Location
- 4355 North Linder Avenue Chicago, Illinois 60641 United States 41°57′37″N 87°45′52″W﻿ / ﻿41.96025°N 87.76436°W

Information
- School type: Public; Secondary; Special Education;
- Motto: "Remember At Vaughn, We Soar!"
- Established: 1968
- School district: Chicago Public Schools
- CEEB code: 140238
- Principal: Stephanie Anderson
- Grades: 9–12
- Gender: Coed
- Enrollment: 227 (2017–2018)
- Campus type: Urban
- Colors: Blue Gold
- Mascot: Eagles
- Website: vaughnhs.org

= Vaughn Occupational High School =

Jacqueline B. Vaughn Occupational High School is a public four-year special education high school located in the Portage Park neighborhood on the north–west side of Chicago, Illinois, United States. Opened in 1968, The school is named for Chicago public schools special education teacher and Chicago Teachers Union president Jacqueline B. Vaughn (1935–1994). The school is a part of the Chicago Public Schools. The school serves students with disabilities in grade levels 9 through 12.

==Curriculum==
In addition to serving students in grades 9 through 12, Vaughn allows eligible students to continue attending until age 22. The school provides programs for students with intellectual disabilities that include academic instruction and the development of life, occupational, and social skills. Instruction includes differentiated and hands-on approaches, the use of technology, and community-based learning.

==History==
Vaughn Occupational High School opened in during the 1968–1969 school year as Occupational Center C, one of three new occupational high schools created by the Chicago Board of Education. The school's first location was in the Logan Square neighborhood at 2508 North Maplewood Avenue. In June 1975, The Board of Education renamed the school Orlando W. Wilson Occupational High School after Chicago Police commissioner O. W. Wilson who had passed three years prior.

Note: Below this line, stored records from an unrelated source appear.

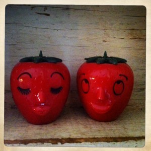 I tend to be a bit of a curator… it’s about both the hunt and the trophy. I don’t collect things primarily for quantity, but for uniqueness or charm. This week’s object of my affection is salt and pepper shakers. They hit all my sweet spots: they’re kitchen-y, useful, kitschy; they don’t take up a lot of room, they’re relatively common and pretty affordable, as long as you are patient. They are compact to store which means I can easily rotate my collection when whimsy strikes. And I *do* love to make a window display…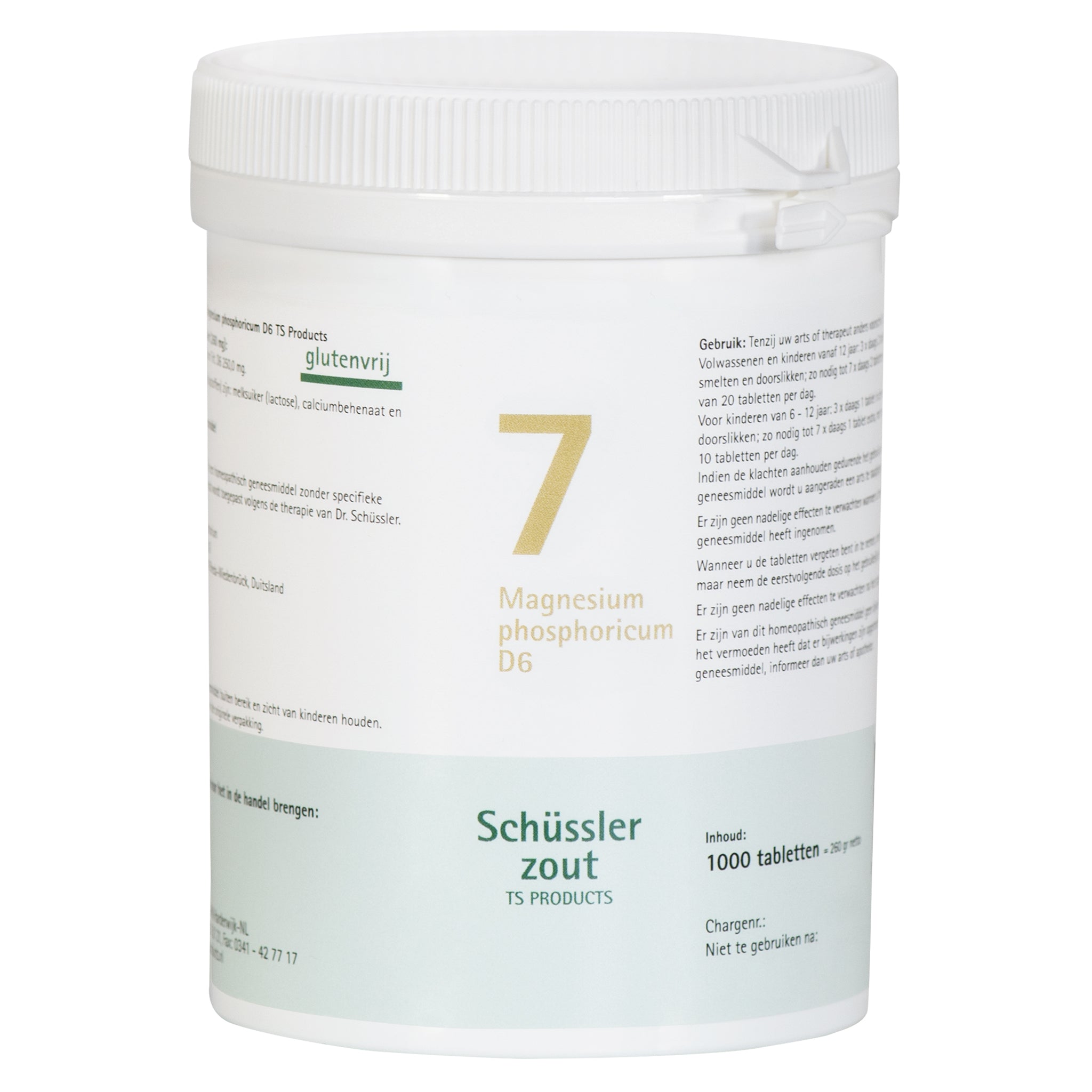 Schüsslerzout TS Products Nr. 7 – Magnesium phosphoricum D6 is verkrijgbaar in tabletvorm en geschikt voor gebruik door zowel volwassenen als kinderen, mits toegepast volgens de gebruiksaanwijzing.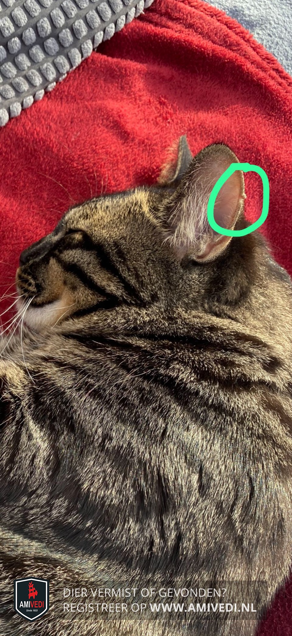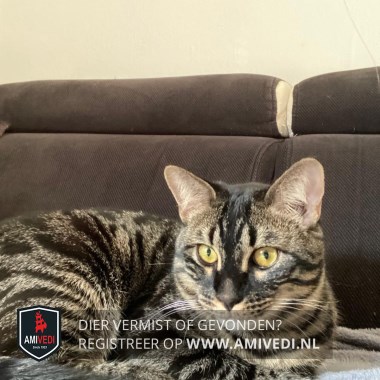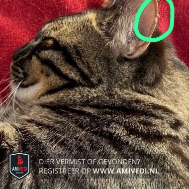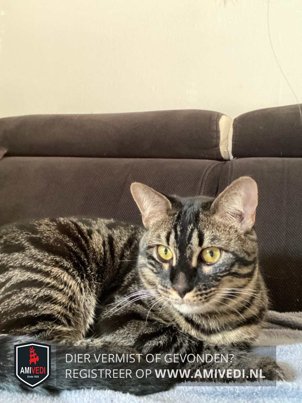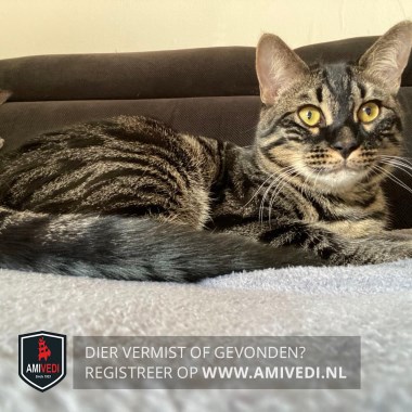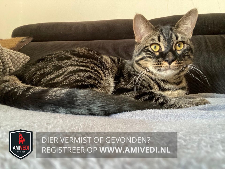 | Signalement | Grijs/zwart (gestreepte) kater met bruine ondertoon, kruising met Bengaal, zwarte neus met bruin puntje, over het hele lijf zwarte strepen en vlekken, klein stukje uit het linkeroor. |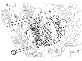 5. Pull out the through bolt and then remove the alternator (A).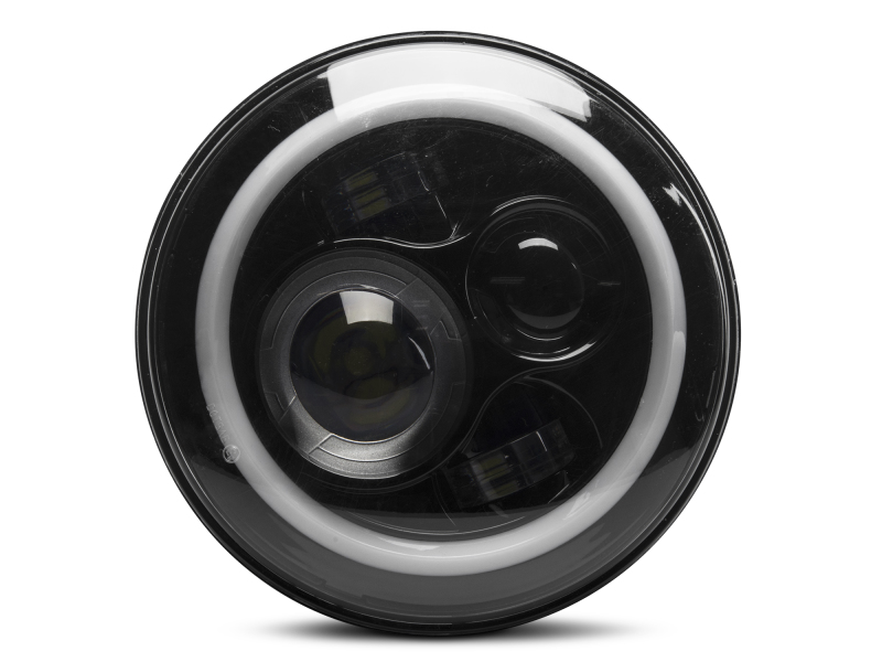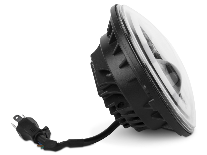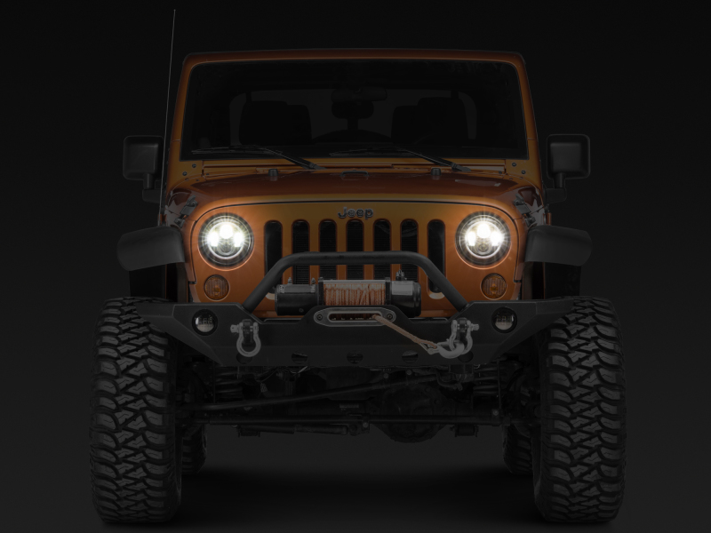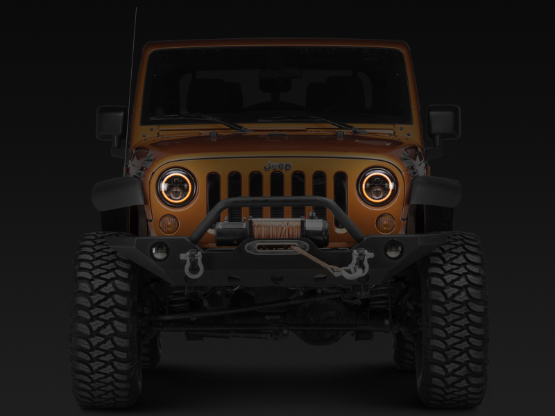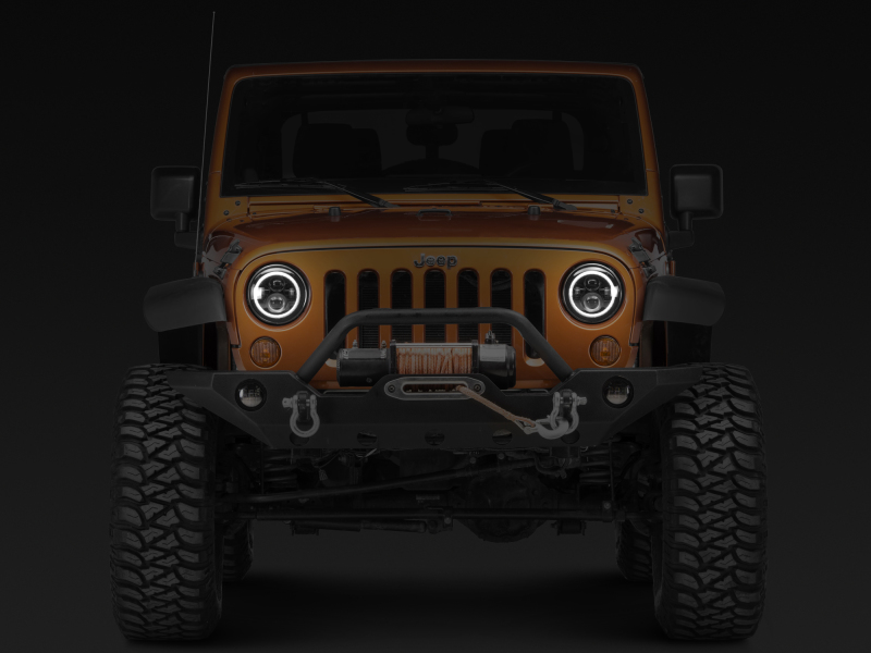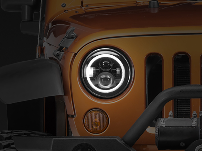 Upgrade the appearance and visibility of your Jeep Wrangler with a set of Axial LED Halo Headlights. These Axial Headlights feature a great looking integrated dual function accent halo. The halo functions as both a Day Time Running Light (DRL) and as a Turn Signal Indicator. The halo glows white as a DRL and amber when active as a turn signal. These Axial LED Headlights will certainly be much brighter than your stock headlights and feature a 6000K cool white color temperature. Featuring premium high output LEDs, these Axial Headlights out put 5400 lumens for the High Beams and 3600 lumens for the Low Beams. With a 60% lower power consumption than standard headlights, these LED Lights have a life span of up to 50,000 hours. Designed to perform in the harshest of elements, these Axial Headlights feature a rugged housing with a tough as nails clear polycarbonate lens. Each Headlight is epoxy sealed to prevent moisture from harming the state of the art electronics found inside. These Axial LED Headlights can take just about anything the trail can throw at them. With the included H4 - H13 wiring harness adapters (needed for 2007+ models) installation can be completed in under 30 minutes. It should be noted that the DRL/Turn Signal halo light will require additional wiring for operation. Installation instructions are included. These Axial 7-Inch Round LED Halo Headlights pass both DOT (U.S. Department of Transportation) certification and SAE (Society of Automotive Engineers) certification requirements making legal for street use. These aftermarket LED Headlights are intended for use with factory halogen headlight equipped models. In order to use these aftermarket LED Headlights on a Jeep that is already factory equipped with LED headlights, you will require a set of factory halogen headlight buckets – not included.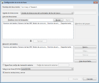 Si soltó varios documentos en [Fax] con la casilla de verificación de [Enviar por fax un archivo a la vez sin combinar múltiples archivos] seleccionada, aparece el cuadro de diálogo [Configuración de envío de faxes] para el siguiente documento. En este caso, repita los pasos 6 a 12.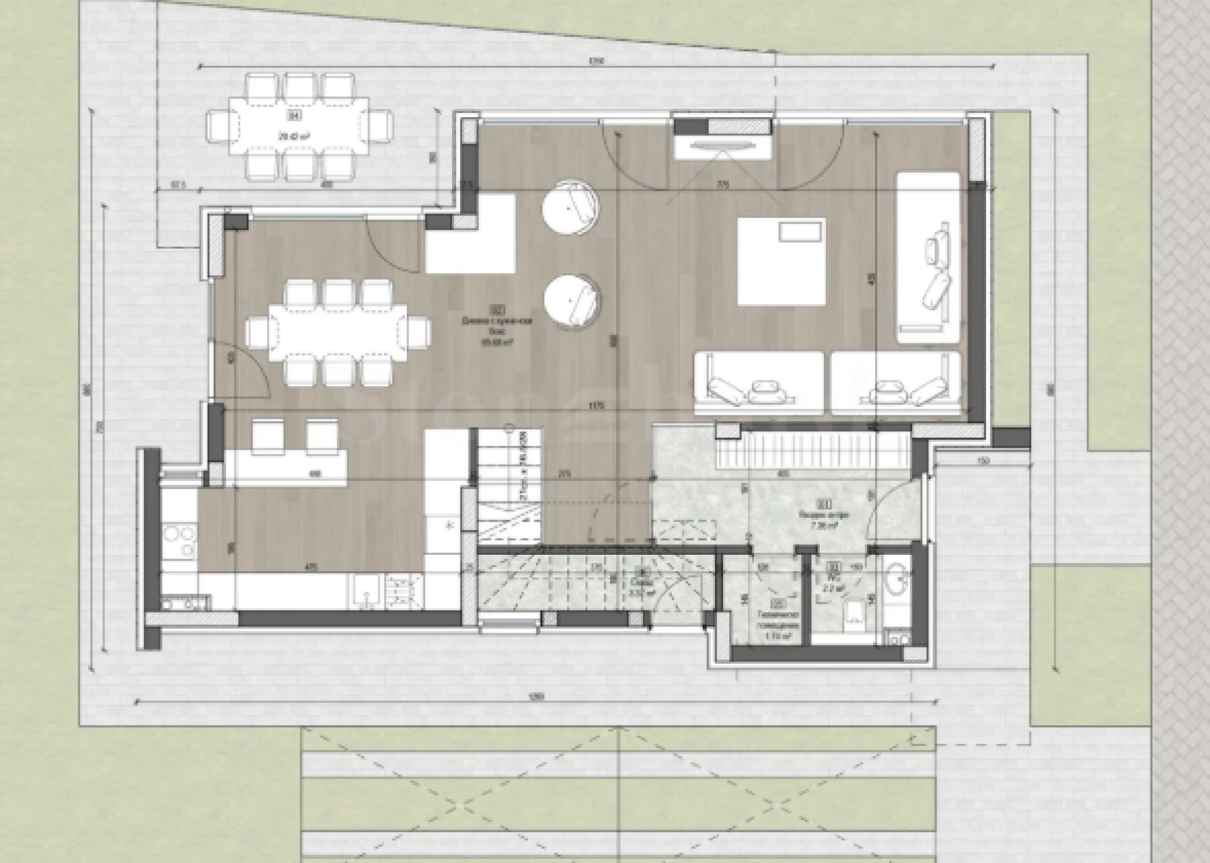 • the building is fully thermally insulated with 12 cm. EPS, 6 cm. XPS for foundations, 15 cm. XPS for roofs;
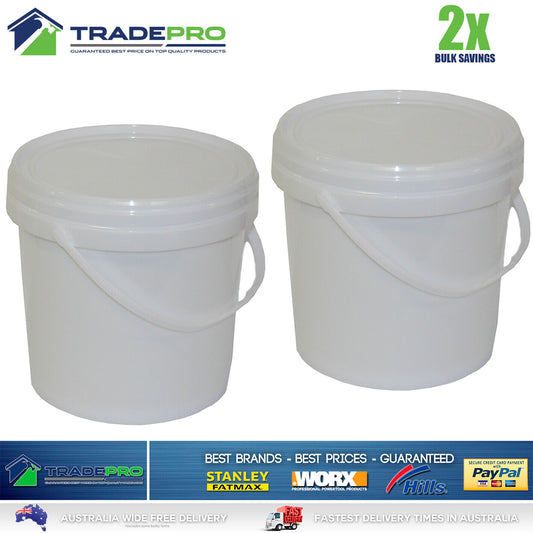 2x Quality Bucket with Lid & Handle 5Ltr H/Duty Premium Plastic Food Grade 5L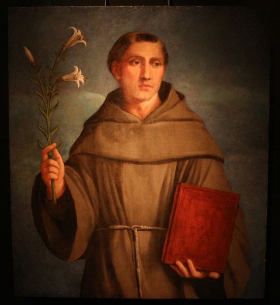 Curator: Standing before us, rendered in tempera, is Carlo Crivelli's "Saint Francis," created around 1470. There's a quiet intensity to this image, isn't there? Editor: Absolutely, the somber mood is what strikes me first. He is enshrouded in introspection; it reads as more of a lament than pious meditation. Is it that the modeling of his face casts such deep shadows? Curator: The light certainly emphasizes a contemplative gravity. Notice how Crivelli positions him in a liminal space, gazing downward toward his book. His body language emphasizes inwardness. This echoes the saint's devotion and focus on a simple lifestyle of quiet service, reflective of the symbolic commitment to literacy that Franciscan monks embraced as essential for religious study and devotion. Editor: But even here, in this so-called simple scene, are layers of representation. Monastic devotion at that time meant social elevation. In this way, the quiet moment contains so much history, referencing class, religious order, and intellectual tradition. Is this work designed to instruct the pious or celebrate them? Curator: I see it as both. The Italian Renaissance placed renewed focus on portraying religious figures as relatable human beings while reaffirming symbolic visual shorthands. This humanization invited connection with ordinary people who were seeking access to the Church’s teachings. Editor: What of the medium? Is the choice of tempera significant, speaking to some prior aesthetic sensibility? Curator: Yes, indeed. Tempera allowed Crivelli incredible detail; look at the halo’s intricate tooling or the careful gradation of the saint’s face and habit. The work maintains its iconographic character while simultaneously incorporating an attention to realistic detail. Editor: Considering what it would have meant for art production and visuality at that time, the work, even when dealing with quiet contemplation, speaks volumes on the power of visual construction. Curator: Yes, even within its stillness, the artwork offers such insights into a very important historical moment. Editor: It leaves us with an enduring understanding of the dynamics between spirituality, visual rhetoric, and material history.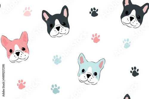 cartoon, animal, print, bulldog, whimsical, cute, colourful, simple, playful, repeat, print, repeating, pet, childcare center, children, face, graphic, paw, colours, french, pastel, adorable, art, illustration, seamless, background, dog, drawing, design, pattern, children

The school relocated to the Mayfair neighborhood on the north side at 4626 North Knox Avenue, sharing the campus with Mayfair Junior College in 1978. During the 1981–1982 school year, the school was moved again to the Jefferson Park neighborhood; occupying Beaubien Elementary School's third floor. By 1988, Enrollment grew at the school which caused overcrowding. In 1992, the school moved into its present location donated by The Illinois Bell Telephone Company to the Chicago Public Schools. The school was renamed after Jacqueline Barbra Vaughn by the Chicago Board of Education on April 1, 1993.